= Provided entries =
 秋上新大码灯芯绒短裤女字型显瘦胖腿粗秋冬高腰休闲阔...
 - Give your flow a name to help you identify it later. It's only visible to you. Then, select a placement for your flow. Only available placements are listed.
==
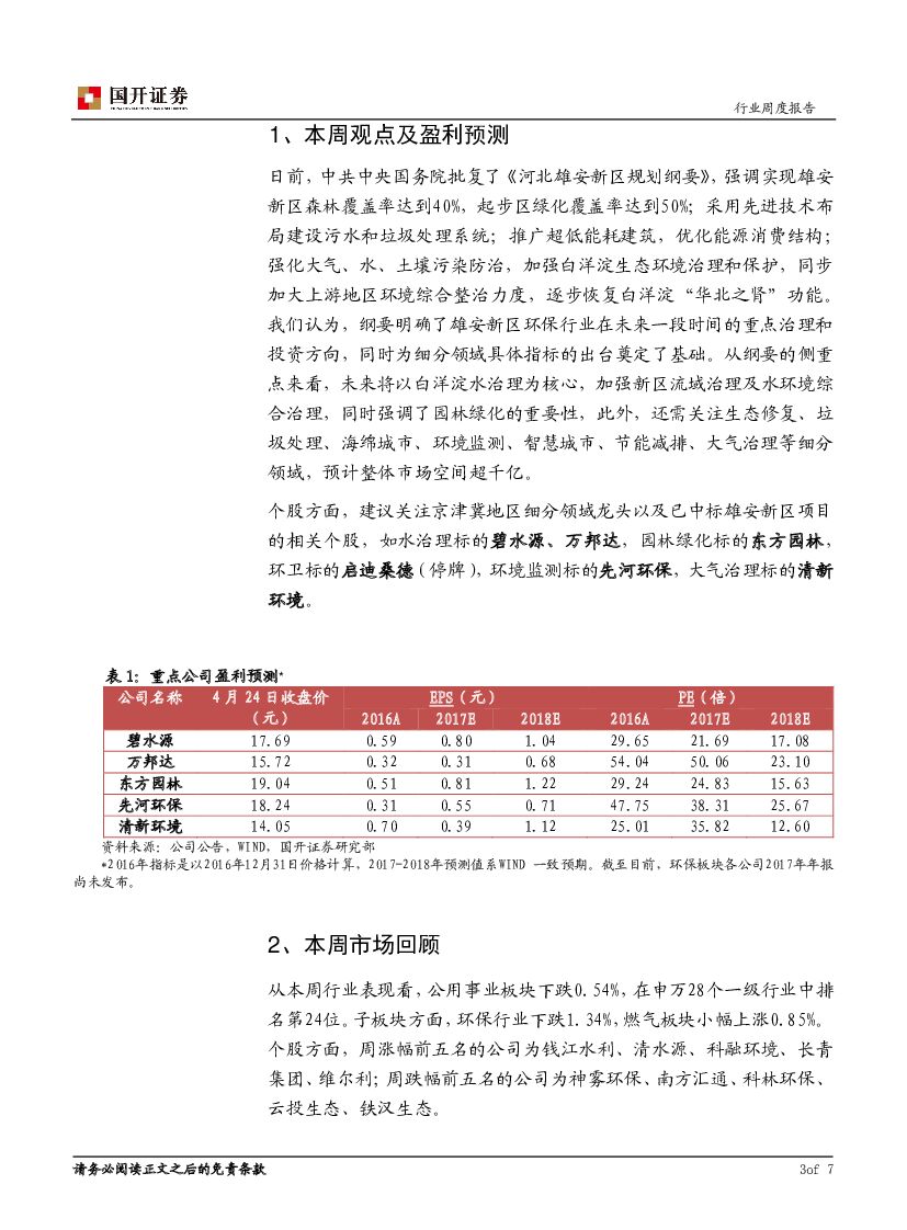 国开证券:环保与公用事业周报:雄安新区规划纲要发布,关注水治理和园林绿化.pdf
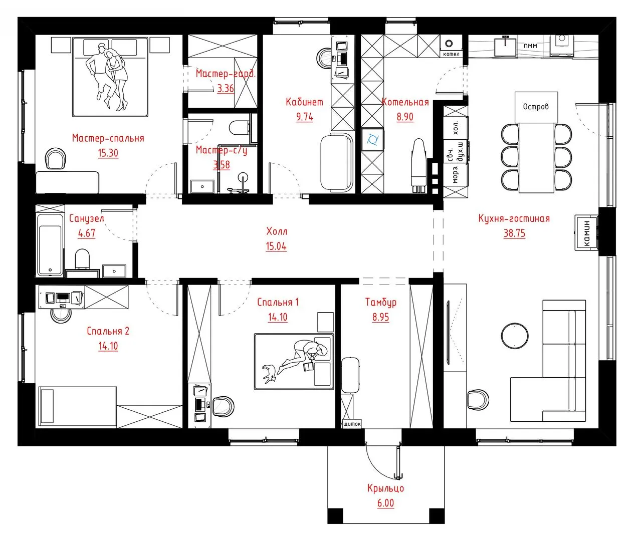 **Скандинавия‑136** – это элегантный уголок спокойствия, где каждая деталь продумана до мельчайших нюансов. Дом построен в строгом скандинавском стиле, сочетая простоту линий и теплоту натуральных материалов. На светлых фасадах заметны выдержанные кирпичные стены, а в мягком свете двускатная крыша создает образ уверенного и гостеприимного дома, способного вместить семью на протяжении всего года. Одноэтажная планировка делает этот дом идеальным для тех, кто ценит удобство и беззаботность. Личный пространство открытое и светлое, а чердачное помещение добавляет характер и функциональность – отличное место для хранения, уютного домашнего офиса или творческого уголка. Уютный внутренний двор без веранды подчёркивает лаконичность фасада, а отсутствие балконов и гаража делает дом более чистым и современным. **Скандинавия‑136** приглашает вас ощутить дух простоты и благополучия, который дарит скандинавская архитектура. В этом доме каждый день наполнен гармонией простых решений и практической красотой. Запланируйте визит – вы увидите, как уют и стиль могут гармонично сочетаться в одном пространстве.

= What is expected =
The range runs from the line with "秋上新大码灯芯绒短裤女字型显瘦胖腿粗秋冬高腰休闲阔..." up to and including the line with "- Give your" in the listing above; please write out exactly those lines and nothing more.

= Problem solution =
 秋上新大码灯芯绒短裤女字型显瘦胖腿粗秋冬高腰休闲阔...
 - Give your flow a name to help you identify it later. It's only visible to you. Then, select a placement for your flow. Only available placements are listed.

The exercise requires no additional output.